_EXERCISE OBJECTIVE_:
If pictures appear among the lines below, leave them out while you return exactly the lines from the one with "1.打开个税APP,点击【首" through the one with "Además, hemos sido".

_MATERIAL PROVIDED_:
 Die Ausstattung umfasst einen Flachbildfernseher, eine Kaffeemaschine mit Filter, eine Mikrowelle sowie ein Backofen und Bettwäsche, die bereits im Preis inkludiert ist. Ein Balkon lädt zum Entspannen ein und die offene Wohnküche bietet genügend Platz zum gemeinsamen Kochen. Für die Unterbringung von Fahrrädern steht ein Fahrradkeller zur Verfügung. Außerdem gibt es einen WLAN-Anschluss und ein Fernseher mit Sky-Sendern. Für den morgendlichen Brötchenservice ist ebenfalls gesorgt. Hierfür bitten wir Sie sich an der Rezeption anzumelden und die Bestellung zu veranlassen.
...
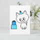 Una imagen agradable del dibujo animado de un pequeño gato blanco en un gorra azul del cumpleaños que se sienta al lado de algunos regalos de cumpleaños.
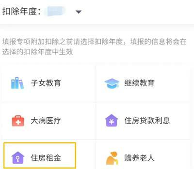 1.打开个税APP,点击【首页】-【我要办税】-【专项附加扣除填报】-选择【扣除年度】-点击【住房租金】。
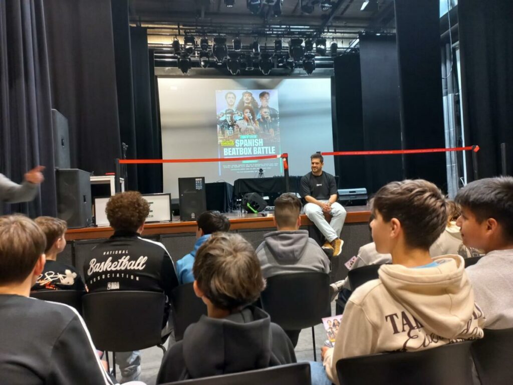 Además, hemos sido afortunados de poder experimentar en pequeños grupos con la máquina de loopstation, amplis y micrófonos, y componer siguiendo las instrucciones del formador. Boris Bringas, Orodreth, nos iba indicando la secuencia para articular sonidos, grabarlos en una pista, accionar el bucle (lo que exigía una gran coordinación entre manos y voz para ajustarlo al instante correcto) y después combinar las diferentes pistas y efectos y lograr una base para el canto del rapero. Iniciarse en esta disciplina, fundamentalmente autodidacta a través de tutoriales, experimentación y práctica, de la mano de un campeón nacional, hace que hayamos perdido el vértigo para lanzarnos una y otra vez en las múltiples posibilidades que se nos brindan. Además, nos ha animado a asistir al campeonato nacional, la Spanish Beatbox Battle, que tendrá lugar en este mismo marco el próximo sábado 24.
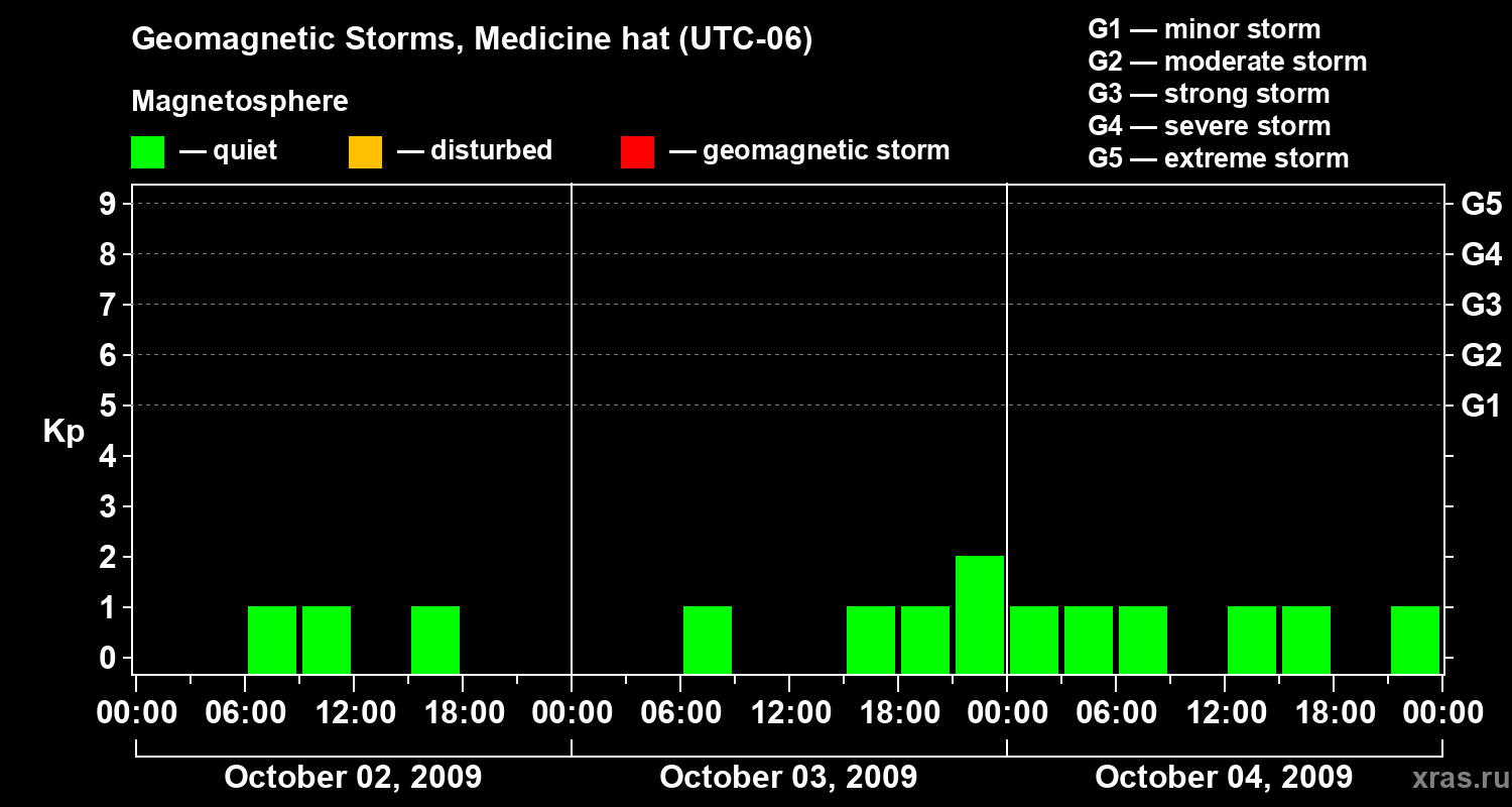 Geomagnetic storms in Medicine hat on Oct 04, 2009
==
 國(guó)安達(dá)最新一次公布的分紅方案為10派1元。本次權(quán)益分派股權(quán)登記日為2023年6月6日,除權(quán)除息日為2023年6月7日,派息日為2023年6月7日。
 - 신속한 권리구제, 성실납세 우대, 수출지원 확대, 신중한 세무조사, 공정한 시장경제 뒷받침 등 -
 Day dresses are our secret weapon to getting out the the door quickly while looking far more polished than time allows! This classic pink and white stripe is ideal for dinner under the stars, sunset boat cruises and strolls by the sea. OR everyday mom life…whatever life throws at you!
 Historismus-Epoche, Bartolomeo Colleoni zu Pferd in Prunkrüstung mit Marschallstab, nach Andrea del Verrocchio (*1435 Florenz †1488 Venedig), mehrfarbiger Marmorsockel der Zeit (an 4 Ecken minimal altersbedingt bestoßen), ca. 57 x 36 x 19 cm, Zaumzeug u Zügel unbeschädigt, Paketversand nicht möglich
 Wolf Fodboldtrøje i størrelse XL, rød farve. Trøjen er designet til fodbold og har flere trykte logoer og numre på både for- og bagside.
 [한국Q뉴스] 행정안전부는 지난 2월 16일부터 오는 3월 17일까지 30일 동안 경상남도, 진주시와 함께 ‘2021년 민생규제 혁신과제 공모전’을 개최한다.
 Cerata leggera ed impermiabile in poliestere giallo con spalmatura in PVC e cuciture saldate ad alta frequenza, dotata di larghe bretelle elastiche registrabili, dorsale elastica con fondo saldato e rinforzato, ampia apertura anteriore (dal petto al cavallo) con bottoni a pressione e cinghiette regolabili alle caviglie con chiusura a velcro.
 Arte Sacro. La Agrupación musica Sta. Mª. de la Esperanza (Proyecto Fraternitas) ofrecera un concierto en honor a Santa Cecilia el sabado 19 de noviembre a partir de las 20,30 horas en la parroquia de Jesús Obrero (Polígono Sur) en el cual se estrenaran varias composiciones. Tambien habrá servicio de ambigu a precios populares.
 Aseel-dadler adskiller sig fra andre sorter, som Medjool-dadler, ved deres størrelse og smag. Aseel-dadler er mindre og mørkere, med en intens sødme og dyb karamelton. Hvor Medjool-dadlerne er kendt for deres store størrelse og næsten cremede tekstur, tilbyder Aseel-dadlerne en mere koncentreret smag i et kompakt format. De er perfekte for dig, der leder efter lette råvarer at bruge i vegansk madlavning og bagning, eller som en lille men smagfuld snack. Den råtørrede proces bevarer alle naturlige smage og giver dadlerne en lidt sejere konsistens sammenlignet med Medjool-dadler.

_RESPONSE TO THIS EXERCISE_:
 1.打开个税APP,点击【首页】-【我要办税】-【专项附加扣除填报】-选择【扣除年度】-点击【住房租金】。
 Además, hemos sido afortunados de poder experimentar en pequeños grupos con la máquina de loopstation, amplis y micrófonos, y componer siguiendo las instrucciones del formador. Boris Bringas, Orodreth, nos iba indicando la secuencia para articular sonidos, grabarlos en una pista, accionar el bucle (lo que exigía una gran coordinación entre manos y voz para ajustarlo al instante correcto) y después combinar las diferentes pistas y efectos y lograr una base para el canto del rapero. Iniciarse en esta disciplina, fundamentalmente autodidacta a través de tutoriales, experimentación y práctica, de la mano de un campeón nacional, hace que hayamos perdido el vértigo para lanzarnos una y otra vez en las múltiples posibilidades que se nos brindan. Además, nos ha animado a asistir al campeonato nacional, la Spanish Beatbox Battle, que tendrá lugar en este mismo marco el próximo sábado 24.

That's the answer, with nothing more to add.